Challenges
Even though the use of data lineage approaches is a novel way of debugging of big data pipelines, the process is not simple. The challenges include scalability of the lineage store, fault tolerance of the lineage store, accurate capture of lineage for black box operators and many others. These challenges must be considered carefully and trade offs between them need to be evaluated to make a realistic design for data lineage capture.
Scalability
DISC systems are primarily batch processing systems designed for high throughput. They execute several jobs per analytics, with several tasks per job. The overall number of operators executing at any time in a cluster can range from hundreds to thousands depending on the cluster size. Lineage capture for these systems must be able scale to both large volumes of data and numerous operators to avoid being a bottleneck for the DISC analytics.
Fault tolerance
Lineage capture systems must also be fault tolerant to avoid rerunning data flows to capture lineage. At the same time, they must also accommodate failures in the DISC system. To do so, they must be able to identify a failed DISC task and avoid storing duplicate copies of lineage between the partial lineage generated by the failed task and duplicate lineage produced by the restarted task. A lineage system should also be able to gracefully handle multiple instances of local lineage systems going down. This can achieved by storing replicas of lineage associations in multiple machines. The replica can act like a backup in the event of the real copy being lost.
Black-box operators
Lineage systems for DISC dataflows must be able to capture accurate lineage across black-box operators to enable fine-grain debugging. Current approaches to this include Prober, which seeks to find the minimal set of inputs that can produce a specified output for a black-box operator by replaying the data-flow several times to deduce the minimal set, and dynamic slicing, as used by Zhang et al. to capture lineage for NoSQL operators through binary rewriting to compute dynamic slices.

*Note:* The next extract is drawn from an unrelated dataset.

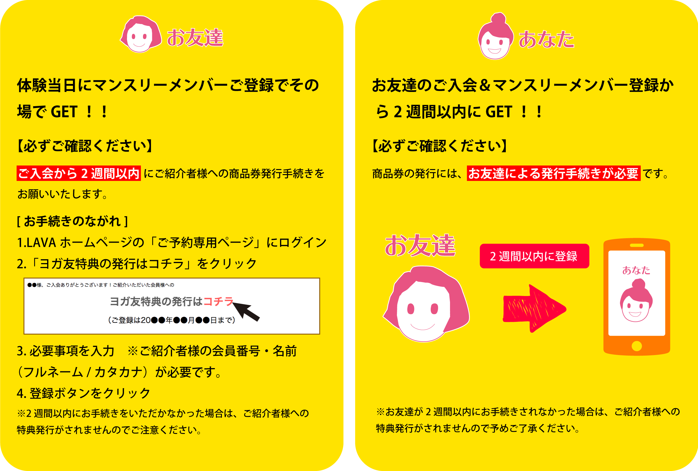 ※2 お友達が体験会受講当日にマンスリーメンバーへご登録していただいた場合[LAVA・Rintosull店舗(一部対象外店舗除く)]に限ります。会員様とお友達にそれぞれ10,000円分のLAVAポイントを5,000円分×2ヶ月に分けてプレゼントいたします(お友達がマンスリーメンバーご登録時と、その翌月の中旬)。会員様とお友達のポイントは同日に付与されない場合がございます。ポイントは、1pt=1円としてLAVA店頭500円以上、Lapre(LAVAオンラインストア)100円以上のお買いもので100円単位でご利用いただけます。マンスリーメンバー月額料金や1回券などのレッスン料金、キャンペーン商品、レンタル商品、一部商品にはご利用いただけません。

Although producing highly accurate lineage, such techniques can incur significant time overheads for capture or tracing, and it may be preferable to instead trade some accuracy for better performance. Thus, there is a need for a lineage collection system for DISC dataflows that can capture lineage from arbitrary operators with reasonable accuracy, and without significant overheads in capture or tracing.
Efficient tracing
Tracing is essential for debugging, during which, a user can issue multiple tracing queries. Thus, it is important that tracing has fast turnaround times. Ikeda et al. can perform efficient backward tracing queries for MapReduce dataflows, but are not generic to different DISC systems and do not perform efficient forward queries. Lipstick, a lineage system for Pig, while able to perform both backward and forward tracing, is specific to Pig and SQL operators and can only perform coarse-grain tracing for black-box operators. Thus, there is a need for a lineage system that enables efficient forward and backward tracing for generic DISC systems and dataflows with black-box operators.
Sophisticated replay
Replaying only specific inputs or portions of a data-flow is crucial for efficient debugging and simulating what-if scenarios. Ikeda et al. present a methodology for lineage-based refresh, which selectively replays updated inputs to recompute affected outputs. This is useful during debugging for re-computing outputs when a bad input has been fixed. However, sometimes a user may want to remove the bad input and replay the lineage of outputs previously affected by the error to produce error-free outputs. We call this exclusive replay. Another use of replay in debugging involves replaying bad inputs for step-wise debugging (called selective replay). Current approaches to using lineage in DISC systems do not address these. Thus, there is a need for a lineage system that can perform both exclusive and selective replays to address different debugging needs.
Anomaly detection
One of the primary debugging concerns in DISC systems is identifying faulty operators. In long dataflows with several hundreds of operators or tasks, manual inspection can be tedious and prohibitive. Even if lineage is used to narrow the subset of operators to examine, the lineage of a single output can still span several operators. There is a need for an inexpensive automated debugging system, which can substantially narrow the set of potentially faulty operators, with reasonable accuracy, to minimize the amount of manual examination required.